- EXERCISE REQUIREMENTS:
Your response is a verbatim copy of the listing, stripped of its images.

- EXERCISE DATA:
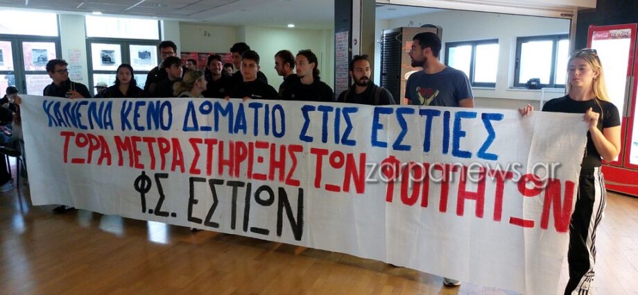 Σε κινητοποιήσεις προχωρούν φοιτητές του Πολυτεχνείου Κρήτης που διαμαρτύρονται για την απόφαση της Συγκλήτου – επικαλούμενη οικονομικά και ακαδημαϊκά κριτήρια- να βγάλει από τις Εστίες 18 φοιτητές την ώρα που υπάρχουν 50 κενές θέσεις. Το μεσημέρι ήταν προγραμματισμένη η κινητοποίηση των φοιτητικών συλλόγων Εστιών και ΜΗΧΟΠ στο Πολυτεχνείο, ζητώντας λύσεις από την Σύγκλητο, αφού χθες έληξε η διωρία για να παραδώσουν τα δωμάτιά τους.
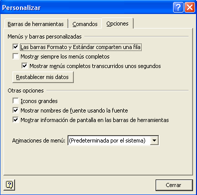cuando abrimos Excel2002 los menús contienen
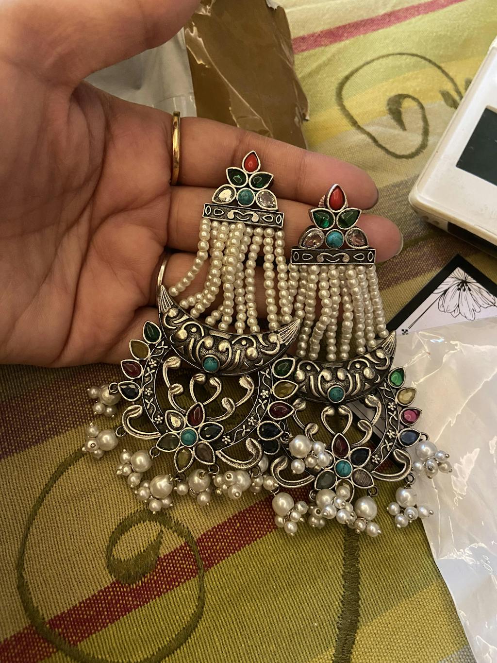 The beautiful jhumkas are a perfect style statement in any party or event. It's stylish, yet retro & perfectly teams up with saree or boho chic attires. Do not wear any neckpiece with it. This should be the only accessory style statement

- ANSWER TO THIS TASK:
 Σε κινητοποιήσεις προχωρούν φοιτητές του Πολυτεχνείου Κρήτης που διαμαρτύρονται για την απόφαση της Συγκλήτου – επικαλούμενη οικονομικά και ακαδημαϊκά κριτήρια- να βγάλει από τις Εστίες 18 φοιτητές την ώρα που υπάρχουν 50 κενές θέσεις. Το μεσημέρι ήταν προγραμματισμένη η κινητοποίηση των φοιτητικών συλλόγων Εστιών και ΜΗΧΟΠ στο Πολυτεχνείο, ζητώντας λύσεις από την Σύγκλητο, αφού χθες έληξε η διωρία για να παραδώσουν τα δωμάτιά τους.
cuando abrimos Excel2002 los menús contienen
 The beautiful jhumkas are a perfect style statement in any party or event. It's stylish, yet retro & perfectly teams up with saree or boho chic attires. Do not wear any neckpiece with it. This should be the only accessory style statement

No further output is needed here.